さらに、プラズマダメージの章を設けている。筆者はチャージアップダメージに関する先駆的研究を行い、その全容をほぼ明らかにした成果を中心に、系統的に全体像が理解できるようにまとめている。コンタミネーションや結晶欠陥などSi基板表面に導入されるダメージおよびチャージアップダメージについて解説した他、これらのダメージがデバイス特性に及ぼす影響について述べている。

半導体の微細化に伴い導入される新技術や新材料へ対応するため、ドライエッチングに課せられる要求はますます厳しくなり、プロセス開発の難易度は高くなっている。従来の経験と勘を頼りに実験を繰り返して、プロセス条件を求める方法は限界にきているという。

今後はプラズマの中身と反応機構を考察しながらプロセスを組み立てることが必要になる。ドライエッチングの反応機構はそのすべてが解明されている訳ではないが、本書で述べられているように、ガス種の選定にあたってイオンの化学的スパッタリング率や原子間の結合エネルギーを考慮するなど、いくつかの手掛かりとなる考え方や基礎データはある。ブラックボックスになりがちなチャンバの中で何が起こっているか、常に原理原則に立ち戻って考える態度が必要であり、本書はそのための一助となる。

初心者向けに書かれているが、ある程度経験を積んだエンジニアがドライエッチングの全体像を理解するのにも役立つ書籍となっている。

「現場の即戦力 はじめての半導体ドライエッチング技術」

発行 技術評論社
発売 2011年12月8日
著者 野尻一男
単行本 A5判/172ページ
定価 2,394円
出版社から 半導体ドライエッチング技術は、半導体デバイスの微細化・高集積化を実現する手段として、リソグラフィ技術と双璧をなすキーテクノロジーです。ドライエッチングに従事するエンジニアは、多くの場合、経験と堪に頼って仕事を進めているのが実情です。

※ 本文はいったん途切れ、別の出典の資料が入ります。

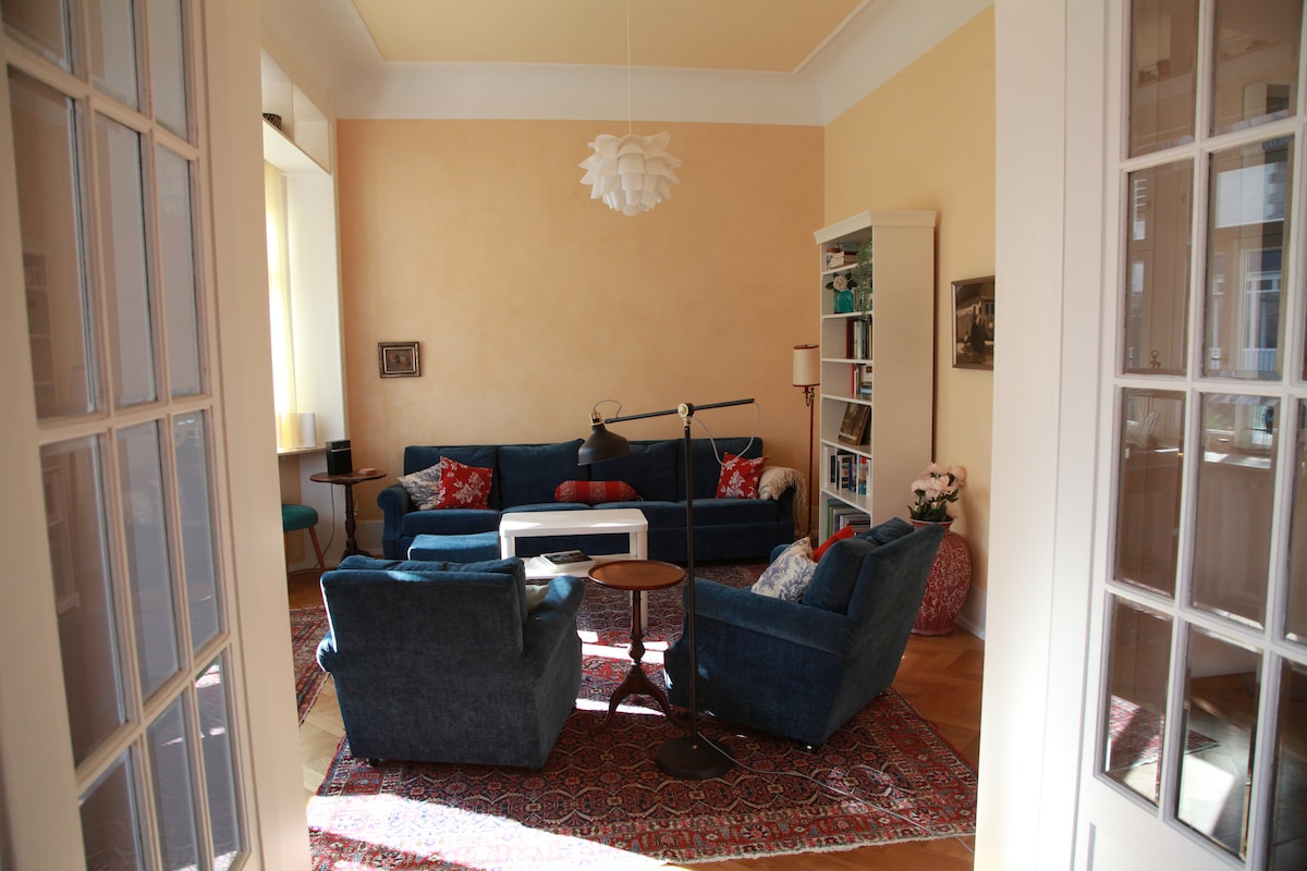 Our house is located at a hill in a real quiet residential neighbourhood. The modernized non-smoking apartment has got two bedrooms with king-size beds, a living room with a daybed, a completely redecorated bathroom and a new kitchen-cum-living room. Our guests are invited to use the big garden - garden furniture, a parasol and a Weber-Grill is available. We reserved a parking slot directly in front of our house especially for our guests.
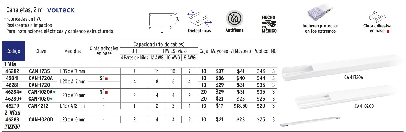 Canaleta de 2 vías 10 x 20 mm, con división, VOLTECK
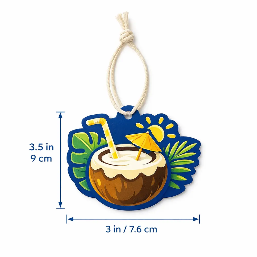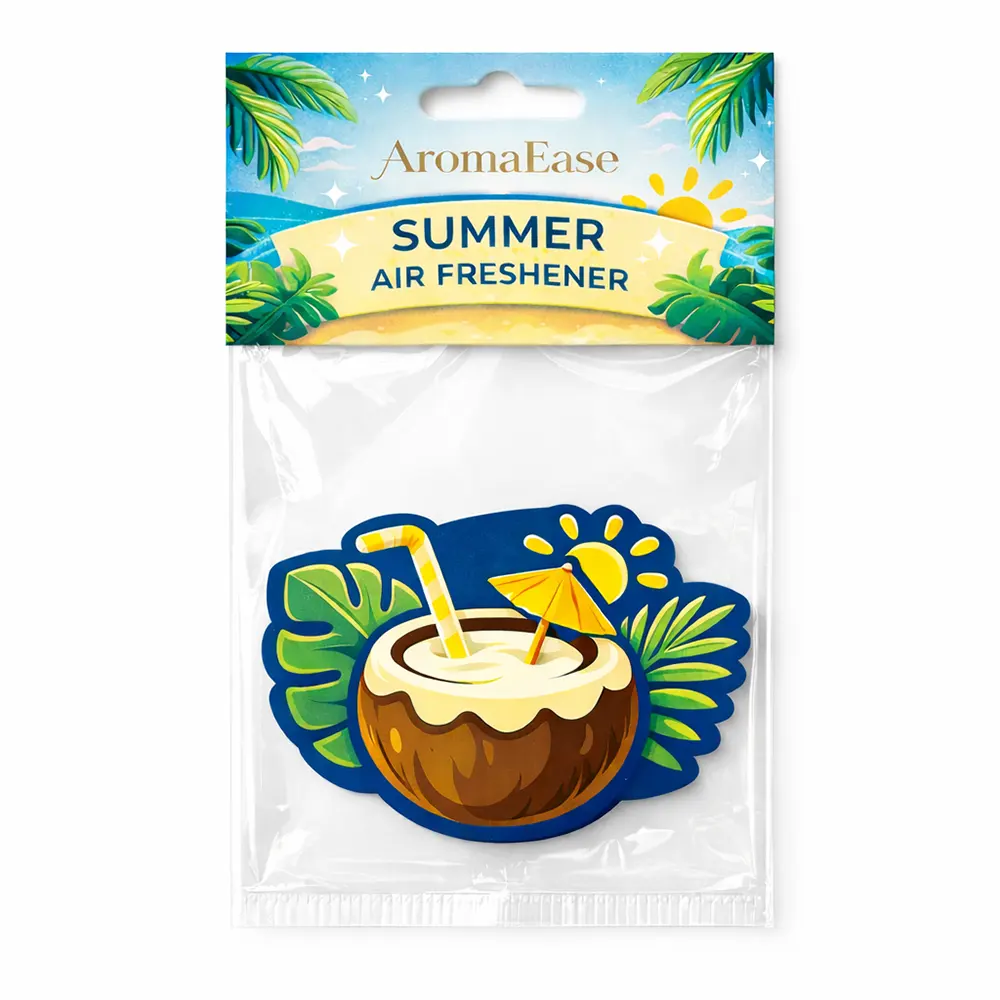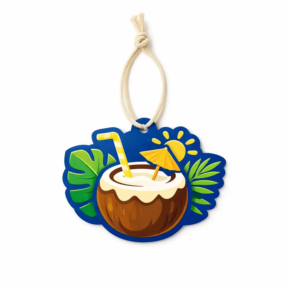 Bring a refreshing summer vibe to any space with this tropical coconut-shaped hanging air freshener. Featuring a vibrant design with a fresh coconut drink, palm leaves, and sunshine elements, it adds both fragrance and visual appeal. Made with a high-quality paper + sponge + paper layered structure, it ensures long-lasting scent diffusion. Perfect for use in cars, wardrobes, offices, or small indoor spaces, this lightweight air freshener comes with a natural cotton string for easy hanging. Ideal for OEM customization, gift items, and seasonal promotions.

本書はこれまでの本とは異なるユニークなアプローチで、ドライエッチング技術の基礎から応用までビギナーに理解できるようまとめてあります。これまでのドライエッチングの書は、ともすると難しいプラズマ理論に重きをおいたもの、あるいは逆にドライエッチング技術のデータの羅列に終始するものが多く見られます。本書は極力数式を使わないで、ビギナーにもドライエッチングのメカニズムが容易に理解できるように執筆しました。また、プロセスから、装置、新技術に至るまで系統的に理解できるよう配慮してあります。さらに、プラズマダメージの章を設け、その全容が理解できるようにしたことも特徴の一つです。

本書ではビギナーにドライエッチング技術の原理を容易に理解させるばかりでなく、より実践に近い知識が得られるようにしました。また、ビギナー向けに書かれていますが、ある程度経験を積んだエンジニアがドライエッチング技術の全体像を理解するのにも役立つ書籍です。